Binge Drinking Harms Memory; Riskier for Teen Girls
Alcohol, when consumed immoderately, hits brain regions that enable functions such as learning, memory, and reasoning, with teen girls being more vulnerable to the harms of binge drinking than their male counterparts, two recent studies found.
Binge drinking can block vital receptors in the brain leading to production of steroids that hinder some key brain functions, neuroscientists from Washington University School of Medicine in St. Louis discovered.
The research, recently published in the Journal of Neuroscience, showed that excessive intake of alcohol affects the hippocampus, a major component of brain, and other regions of the brain that are critical to cognitive functions such as consolidation of information from short-term memory to long-term memory.
The researchers, who carried out experiments on slices of the brains of rats exposed to alcohol, explained the blockage of vital receptors in the brain produces steroids which weaken long-term potentiation (LTP), which is enhancement of signal transmission between neurons enabling learning and memory.

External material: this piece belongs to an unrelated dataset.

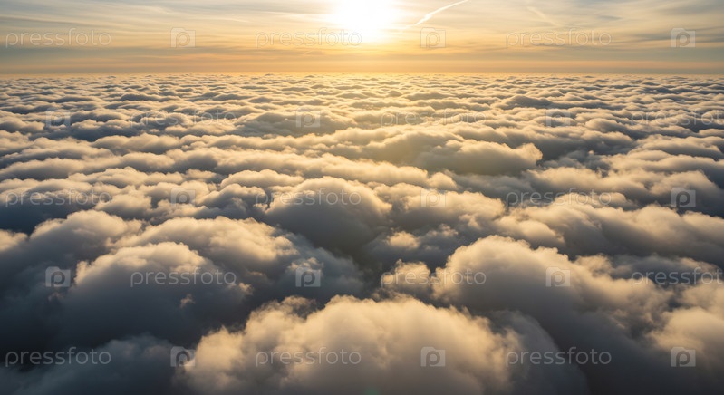 Золотой закат над пушистыми облаками сверху

“It takes a lot of alcohol to block LTP and memory. But the mechanism isn’t straightforward. The alcohol triggers these receptors to behave in seemingly contradictory ways, and that’s what actually blocks the neural signals that create memories,” study senior investigator Dr. Charles F. Zorumski said in a statement. This explains, he added, why individuals who get drunk often don’t remember what they did the night before.
However, there is no proof yet of alcohol damaging brain cells, Zorumski added. “As a matter of fact, even at the high levels we used here, we don’t see any changes in how the brain cells communicate. You still process information… You haven’t passed out. But you’re not forming new memories.”

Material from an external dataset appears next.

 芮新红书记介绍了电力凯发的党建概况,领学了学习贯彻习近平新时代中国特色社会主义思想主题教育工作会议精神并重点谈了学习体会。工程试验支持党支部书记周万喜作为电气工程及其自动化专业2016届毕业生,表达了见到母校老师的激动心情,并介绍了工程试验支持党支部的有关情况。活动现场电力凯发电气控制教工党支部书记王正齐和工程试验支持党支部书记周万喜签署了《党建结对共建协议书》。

According to a similar study by researchers from California, published in the Alcoholism: Clinical & Experimental Research journal, excessive intake of alcohol leads to reduction in brain activation especially in teenage girls.
This study involved neuropsychological tests on adolescents in the age group of 16 to 19 after they were made to drink more than three pints of beer or more than four glasses of wine, for women, and four pints of beer or a bottle of wine, for men, at one sitting. The researchers, from various universities in America, then conducted the same tests on those who had not consumed alcohol and compared the results.
The experts found that alcohol in younger women reduced brain activation affecting concentration, logical thinking, and reasoning as compared to the women who had not consumed alcohol. They warned that drinking could hamper younger women’s activities such as driving, playing certain sports, and using a map.
However, these changes were found lesser in men. “Male binge drinkers showed some, but less, abnormality as compared to male non-drinkers. This suggests that female teens may be particularly vulnerable to the negative effects of heavy alcohol use,” said Susan Tapert, professor of psychiatry at the University of California, in a statement.
The study was in line with what National Institute of Alcoholic Abuse and Alcoholism (NIAAA) says: About women’s bodies react differently to alcohol than men’s bodies and therefore women face particular health risks and realities.
“Research shows that women start to have alcohol-related problems at lower drinking levels than men do. One reason is that, on average, women weigh less than men. In addition, alcohol disperses in body water, and pound for pound, women have less water in their bodies than men do. So after a man and woman of the same weight drink the same amount of alcohol, the woman’s blood alcohol concentration will tend to be higher, putting her at greater risk for harm. Other biological differences, including hormones, may contribute, as well,” NIAAA explains on its website.